In 1991, the Harrells executed a warranty deed (“1991 Deed”) that conveyed approximately 10 acres of land to the Dragons. The 1991 Deed was subject to prior reservations and it contained the following new reservation by the Harrells:
SAVE and except however, and there is hereby reserved unto the GRANTORS, their heirs and assigns, a free non-participating interest in and to the royalty on oil, gas and other minerals in and under the herein above described property consisting of one half (1/2) of the interest now owned by Grantors together with one half (1/2) of the reversionary rights in and to the presently outstanding royalty in, on and under said property, perpetually from the date hereof.
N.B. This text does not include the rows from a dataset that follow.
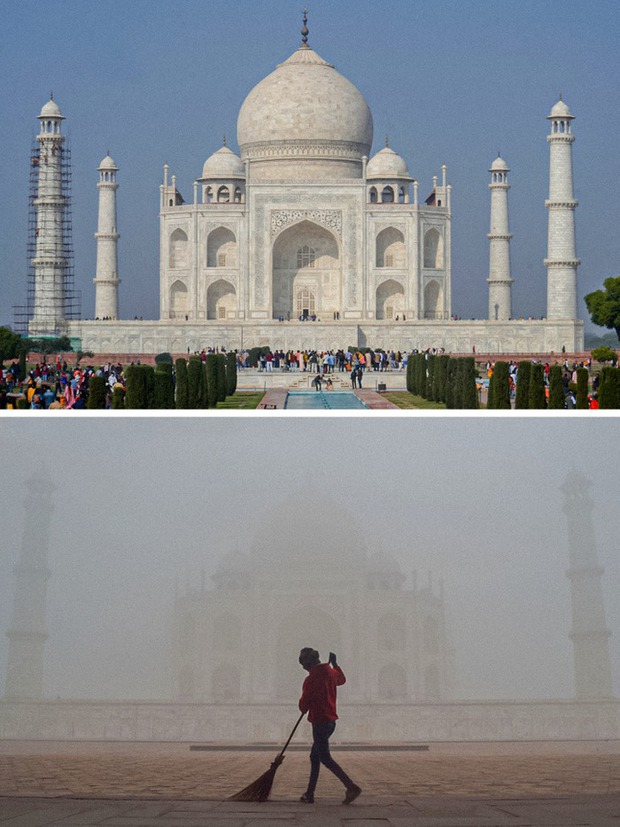 Taj Mahal là địa điểm du lịch biểu tượng của Ấn Độ. Gần đây, sương mù dày đang bao phủ nơi này, khiến nó gần như không thể nhìn thấy khi đứng ở xa. Tình trạng ô nhiễm cũng khiến đá cẩm thạch trắng của cung điện chuyển sang màu vàng.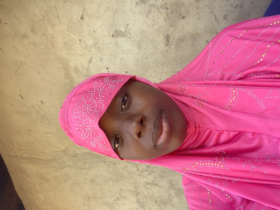 A close-up portrait features an individual with dark skin, facing forward, and looking directly into the camera. The person is wearing a vibrant pink garment comprising a head covering (hijab) and a draped body covering, both adorned with numerous small, light-colored embellishments, possibly rhinestones or beads, arranged in decorative patterns. The background consists of a light brown, textured wall, likely concrete or mud, exhibiting irregular surface characteristics. Faint, etched or written alphanumeric characters, including "5461795", are visible on the upper left section of the wall behind the individual. The scene is located in the city of Egbu, Nigeria.
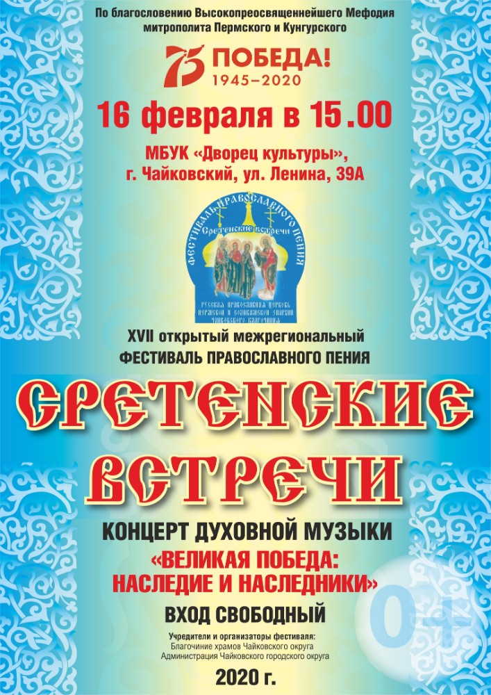 По благословению Высокопреосвященнейшего Мефодия митрополита Пермского и Кунгурского в дни празднования Русской Православной Церковью – праздника Сретенья Господня будет проводиться семнадцатый фестиваль православного пения «Сретенские встречи».

It being understood and hereby provided, however, that Grantors, their heirs or assigns, shall not be entitled to participate in the bonus money or annual delay rentals paid, or to be paid, under any present or future oil, gas and mineral lease on said premises, and that it shall not be necessary for Grantors, their heirs or assigns, to join in the execution of any future oil, gas or mineral lease or leases on said premises.
The Dragons argued that because the reserved interest consisted of the royalty on oil, gas and other minerals, and not all of the oil, gas and other minerals, the grantors reserved an interest in the royalty paid on the minerals, not the minerals themselves. However, on the other hand, the Harrells argued that the reservation reserved a fixed fractional royalty interest entitling them to one-half of total production of the oil and gas produced from the conveyed premises.
After analyzing the reservations made prior to the 1991 Deed, the Court determined that, at the time the Harrells executed the 1991 Deed, they owned both 15/16 of the mineral estate, less a life estate in a one fourth floating royalty interest, and a reversionary interest to that then–outstanding life estate royalty interest.
While analyzing the reservation made by the Harrells, the Court noted that the reservation unambiguously stated that it is an interest in the royalty on those minerals. The Grantors’ use of the phrase “the interest now owned by Grantors” meant that the Grantors recognized that the royalty interest being reserved was reduced by the prior reservations. The Court also noted that the phrase “one half (1/2) of the reversionary rights in and to the presently outstanding royalty . . .” reserved one-half of the reversionary interest in the outstanding royalty life estate to the Harrells. Reading the entire deed as a whole and giving effect to all parts of the deed, the Court held that the phrase “the interest now owned by Grantors” referred to the presently vested royalty interest owned by the Grantors at the time they executed the 1991 Deed but not the reversionary interest. The Court recognized that to give effect to the Harrells interpretation of the reservation would render the phrase about the reversionary rights in and to the presently outstanding royalty meaningless.
The Court concluded the 1991 Deed reserved to the Harrells a fraction of royalty interest: one half of 15/16ths of whatever royalty is to be paid from the land.
In reversing the trial court’s summary judgment in favor of the Harrells, the San Antonio Court of Appeals reiterates the importance of giving effect to all parts of a deed and that a correct interpretation of a deed cannot ignore clauses within the deed.
Case Citation: Dragon v. Harrell, 2016 WL 1238165 (Tex. App. —San Antonio 2016).